__AIM OF THE EXERCISE__. From the material below, return exactly the lines starting at the one that holds "Вкусный, сочный и" and ending at the one that holds "- Enhanced Moisture". Pictures stay out of the answer.

__DATA RECORDS__.
▼

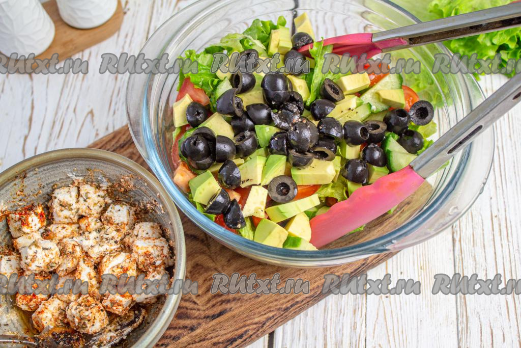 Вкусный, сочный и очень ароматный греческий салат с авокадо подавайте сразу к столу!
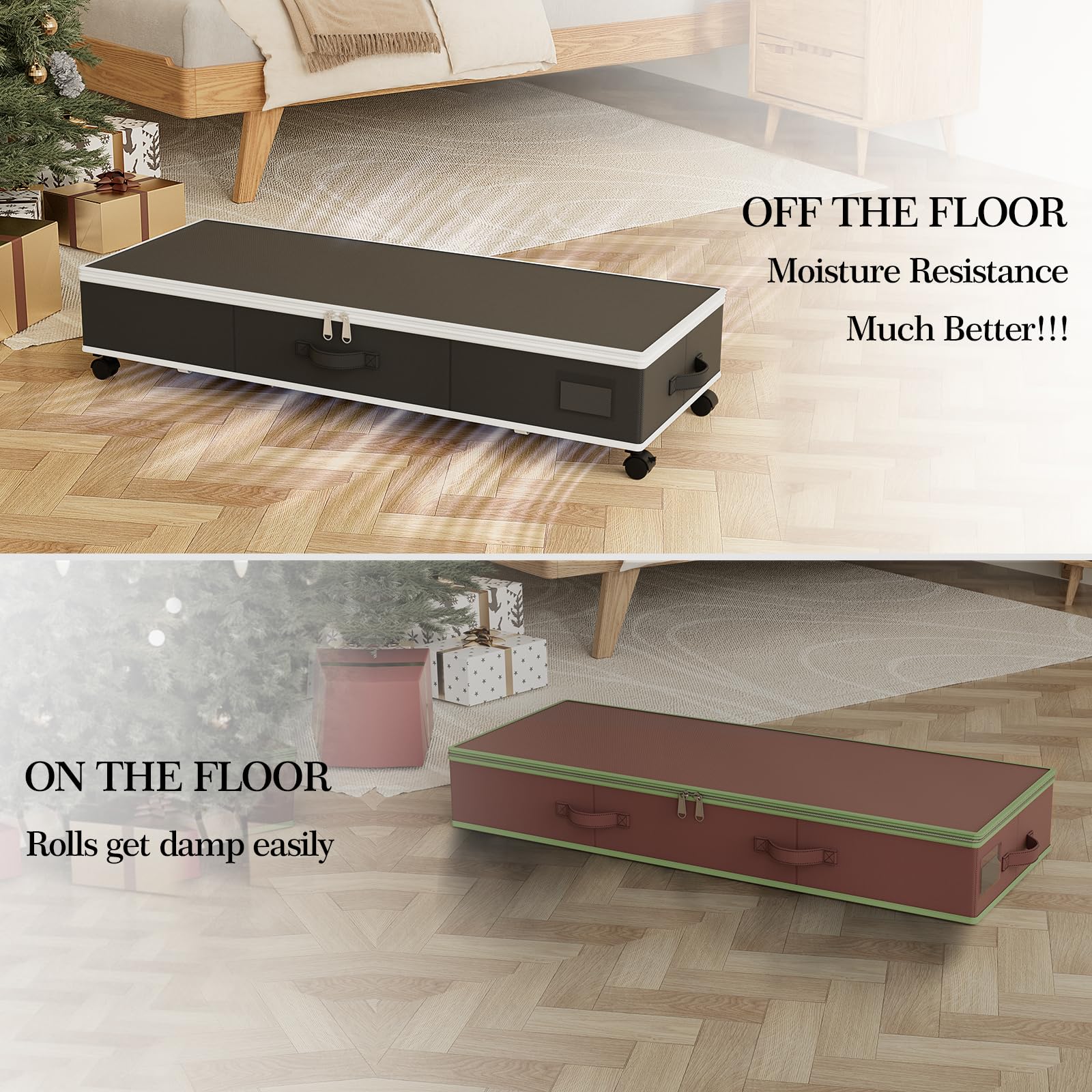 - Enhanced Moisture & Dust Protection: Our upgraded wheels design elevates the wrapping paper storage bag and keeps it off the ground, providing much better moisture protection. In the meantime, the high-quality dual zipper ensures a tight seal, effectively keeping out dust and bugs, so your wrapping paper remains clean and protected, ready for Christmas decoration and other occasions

▲
▼

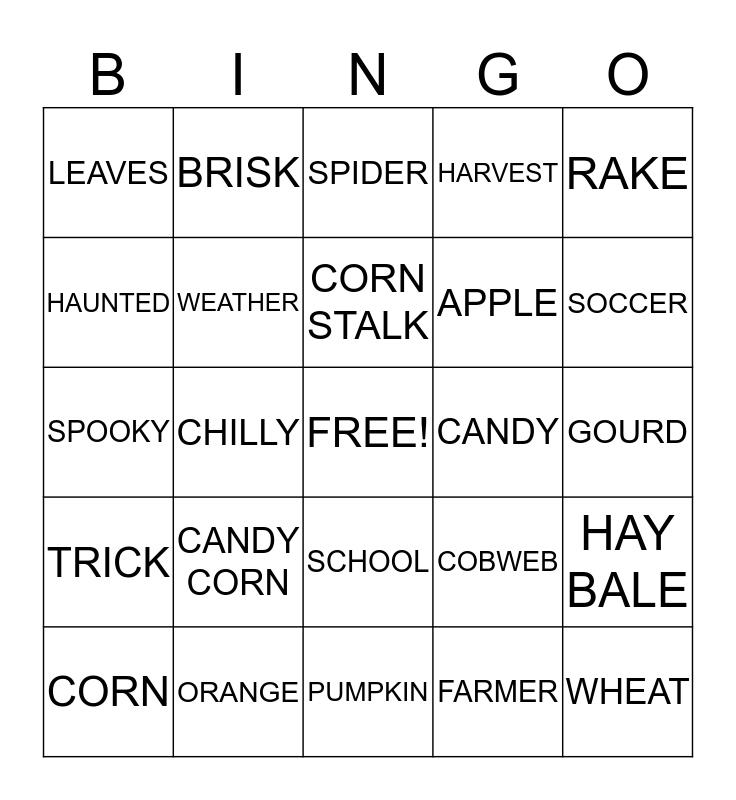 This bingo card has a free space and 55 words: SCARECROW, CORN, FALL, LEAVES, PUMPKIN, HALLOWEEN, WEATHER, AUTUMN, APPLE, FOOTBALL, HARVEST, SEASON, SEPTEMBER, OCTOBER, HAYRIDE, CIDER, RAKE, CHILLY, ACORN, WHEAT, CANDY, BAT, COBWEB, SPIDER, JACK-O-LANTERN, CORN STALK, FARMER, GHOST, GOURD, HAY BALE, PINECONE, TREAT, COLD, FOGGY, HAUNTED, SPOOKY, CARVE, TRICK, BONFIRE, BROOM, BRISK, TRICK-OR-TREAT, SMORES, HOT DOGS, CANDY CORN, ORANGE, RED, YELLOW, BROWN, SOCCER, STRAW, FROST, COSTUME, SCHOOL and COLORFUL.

▲

__ANSWER SPACE__.
 Вкусный, сочный и очень ароматный греческий салат с авокадо подавайте сразу к столу!
 - Enhanced Moisture & Dust Protection: Our upgraded wheels design elevates the wrapping paper storage bag and keeps it off the ground, providing much better moisture protection. In the meantime, the high-quality dual zipper ensures a tight seal, effectively keeping out dust and bugs, so your wrapping paper remains clean and protected, ready for Christmas decoration and other occasions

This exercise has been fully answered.